I just finished painting a chair. There's nothing spectacular about that surely. But for me it helped in so many ways. First of all I know nothing of painting or chairs except that you need a brush for the first and a seat for the second! So when I thought I was fed up of the ratty looking old cane chair relegated to the back portico, I decided to just go ahead and do something about it. Off I went to the hardware store where I got some sandpaper, paint, thinner and a brush. The brush was not the absolute right size but that was all they had. The chap didn't know if I would need wood primer for an old chair and was confused when I asked. One obliging customer in the shop told me I didn't need it - and I thought it didn’t matter -at least the chair should be usable for a while longer and its an experiment at best. I wasn't sure about the varnish and reasoned that it could only be applied after the paint and so deferred its purchase.

Then I got home and pulled out the old chair to have a good look. It was faded, bleached a washed out color because of all the sun that hit it. Black discolorations suffused the back of the chair which had intricate crisscrossing patterns. I tried my best to sandpaper out the black mould but most of it still stuck and the back of the chair was too impenetrable to my scrubbing. So I decided to simply paint it as is. I started off and soon began to enjoy myself thoroughly. It took me 3 days to finish one coat since I devoted only an hour or two to it everyday. But already the chair was looking so much better. With added zeal I put on another coat of paint and the chair was magically transformed. I wanted to make it perfect and spent hours making sure every spot; every twist of the twined rope, every crevice in the patterned back was touched with paint. The chair looked absolutely wonderful to my eyes – I reveled in the sight of it.

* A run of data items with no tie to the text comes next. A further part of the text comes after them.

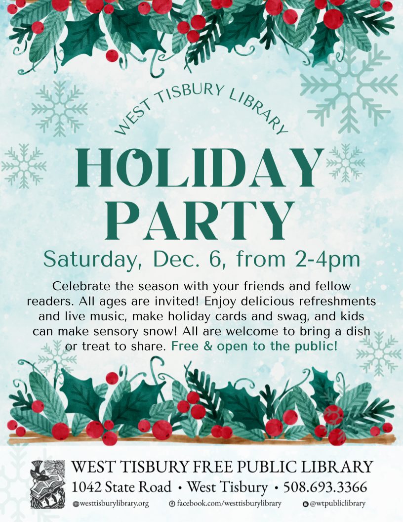 On Saturday, December 6, from 2-4pm, the community is invited to the West Tisbury Library’s Annual Holiday Party! Celebrate the season with your friends and fellow readers! All ages are invited. Enjoy delicious refreshments and live music, make holiday cards and swag, and kids can make sensory snow! All are welcome to bring a dish or treat to share. Free and open to the public.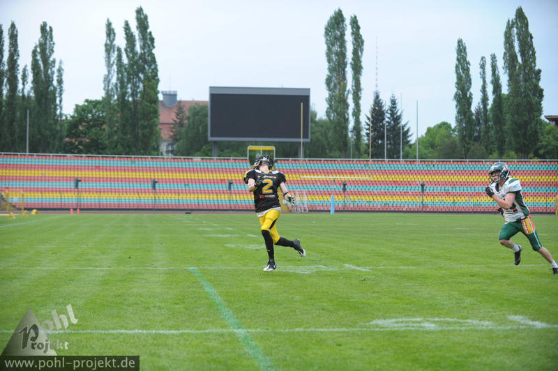 Berlin Adler vs Kiel Baltic Hurricanes am 11.5.2013 in Berlin - Friedrich-Ludwig-Jahn-Stadion , Football - Bilder vom Spiel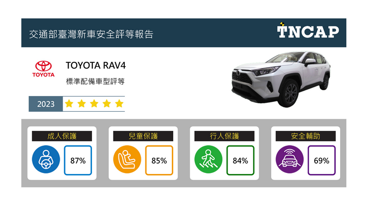 TOYOTA RAV4則於四大安全領域得分率中分別獲得成人保護87%、兒童保護 85%、行人保護 84%及安全輔助 69%,依據星級評等平衡標準,RAV4 車型整體星級評等為五顆星。兩車款雖然都與ENCAP一樣在TNCAP拿下五顆星評等,但在分項項目的安全輔助項目是比ENCAP的成績低些,這是因為歐規車型與進口至台灣車型的配備差異所導致。而這也正式TNCAP成立的意義所在,希望能夠過評等機制,促使車廠/車商引進或在國內生產的車輛品質與安全配備能夠比照國際的高規格。

The whole point I am trying to make here is that the medium was immaterial; it was the action that got me results. I have always been afraid that I could never finish what I started. My initial enthusiasm and passion wanes faster than a sprig of jasmine. I am always afraid of making mistakes. But this time I simply took on a new task without thought of success or failure – I would simply do it. I also finished the task to perfection with not a drop of paint on my portico tiles. It felt very good – a simple thing in truth but an eye-opener for me to let myself be and do anything that comes naturally and to do so without the fear and anticipation of failure.